最高裁判決出ても、「ゾンビのように復活」

画像 会見には三木谷社長のほかケンコーコムの後藤玄利社長(左)、中央大学法科大学院の安念潤司教授(中央左)、楽天の國重惇史副社長(右)が出席した

 「最高裁で違憲判決が出たのに、ゾンビのようにもう一度規制をかけるのは許せない。許しちゃいけない」――28品目のネット販売規制について、三木谷社長は憤る。

 「99%の医薬品のネット販売を認めてやったから1%はいいだろうという政治的判断だろうが、これを認めてしまっては、すべて今まで通りの古いやり方がいいと是認することになる。わたしは断固として戦っていきたい」

 ネット販売で対面販売よりも副作用リスクが上がったとするデータは存在せず、対面販売のほうがネットより安全性が高いとする厚労省などの主張は、「科学的根拠の一切ない対面神話」だと三木谷社長は批判する。

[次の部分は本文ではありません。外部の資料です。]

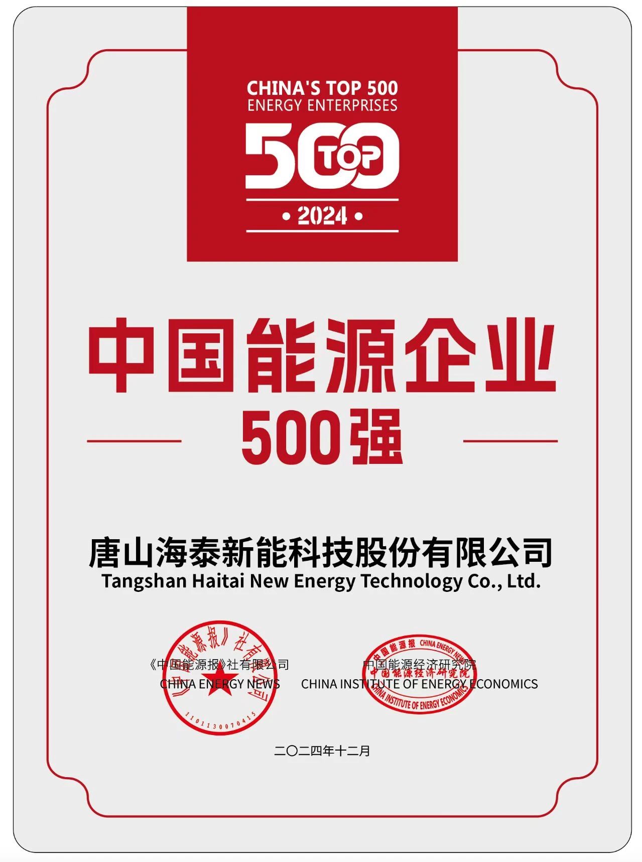海泰新能入選2024中國能源企業500強!2025-01-15 14:11來源:gessey瀏覽數:300次
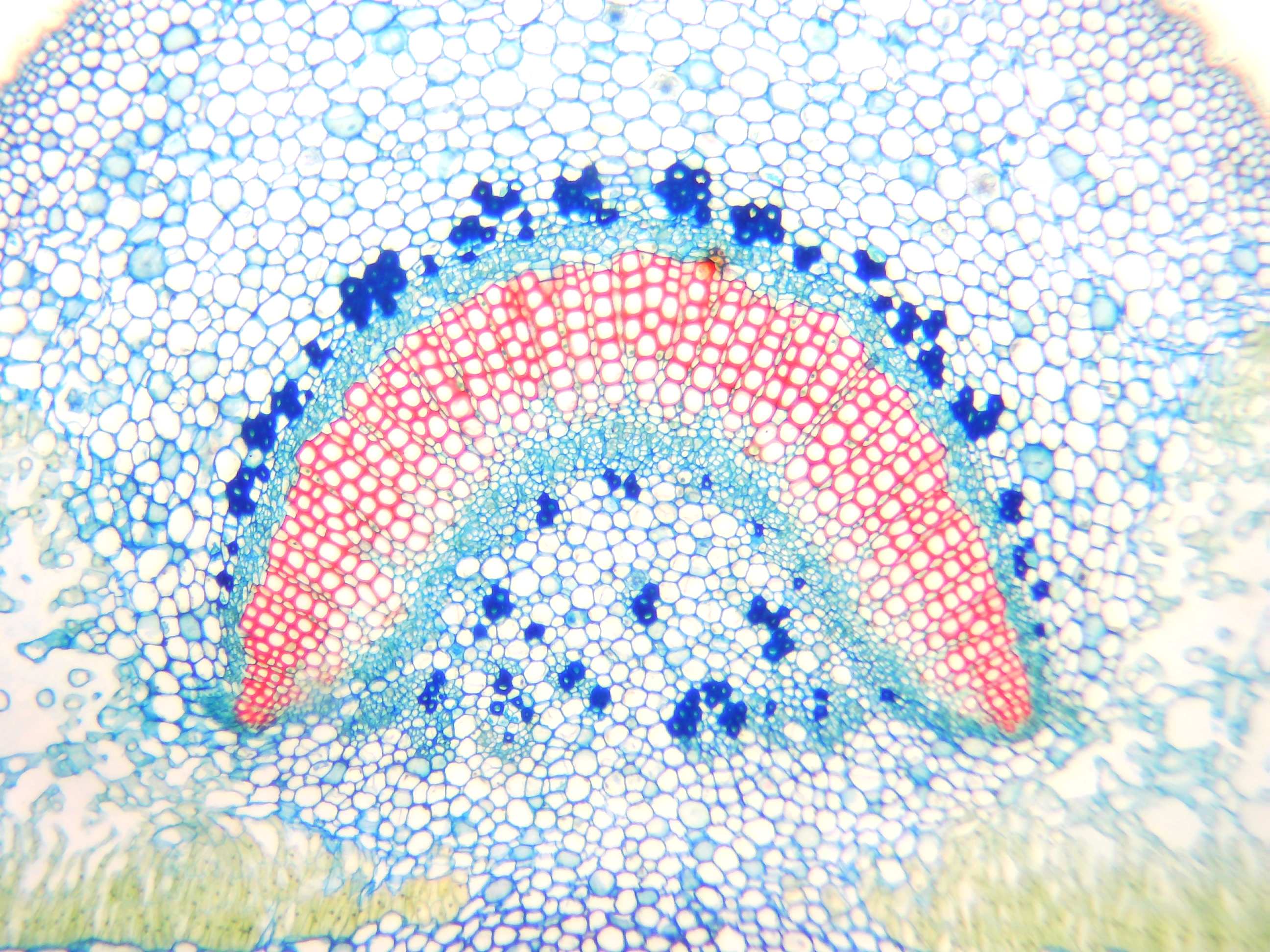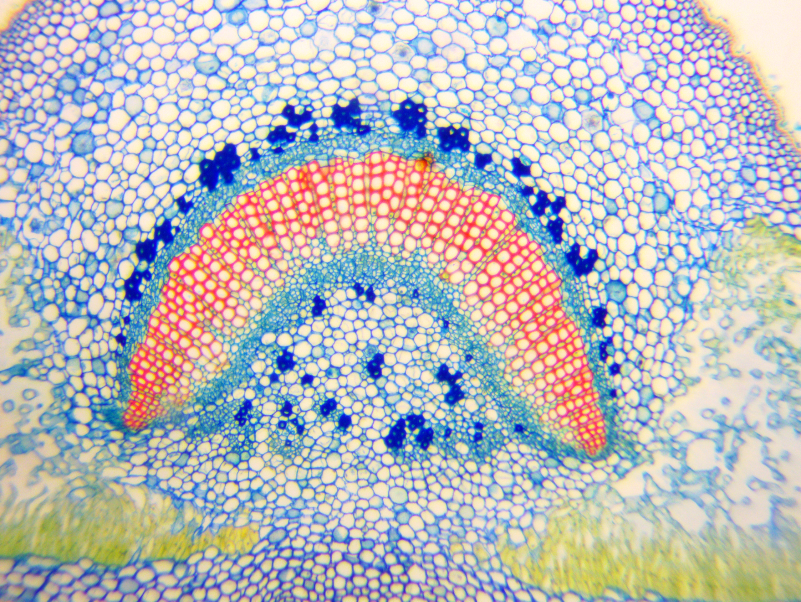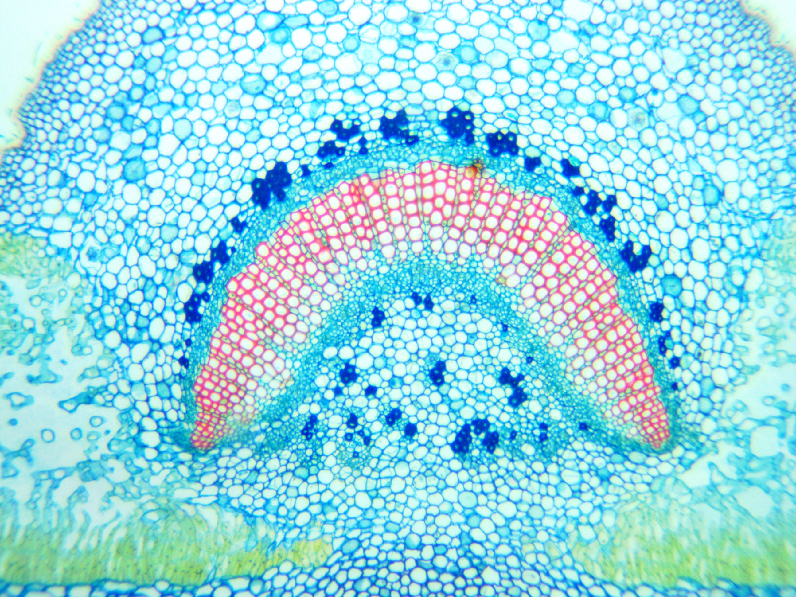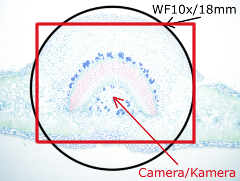 Alle Testfotos wurden durch einen preiswerten Mikroskop (Fremdfabrikat, 500 EUR Preisklasse) mit achromatischen Objektiven 10x (Botanik) und 40x (Hystologie) aufgenommen. Es ging ja darum, die Kamera, und nicht das Mikroskop zu testen...

 ケンコーコムは、各医薬品の購入前に説明文を読めるようにしたり、購入時にアレルギーや妊娠の有無をチェックしない限り購入できないようにするなど事前の説明を徹底。薬剤師7人が勤める実店舗も持ち、購入者からメールや電話で相談を受けるなど、安全性の向上に努めてきた。

 また、ネット販売なら誰がどの医薬品を買ったかのトレーサビリティも確保でき、想定以上の副作用が出て薬品のリコールがあった場合にも回収がしやすいという。「これだけ安全に対して取り組んでいるのに、なぜダメなのか。それを教えていただきたい」と、ケンコーコムの後藤玄利社長は訴える。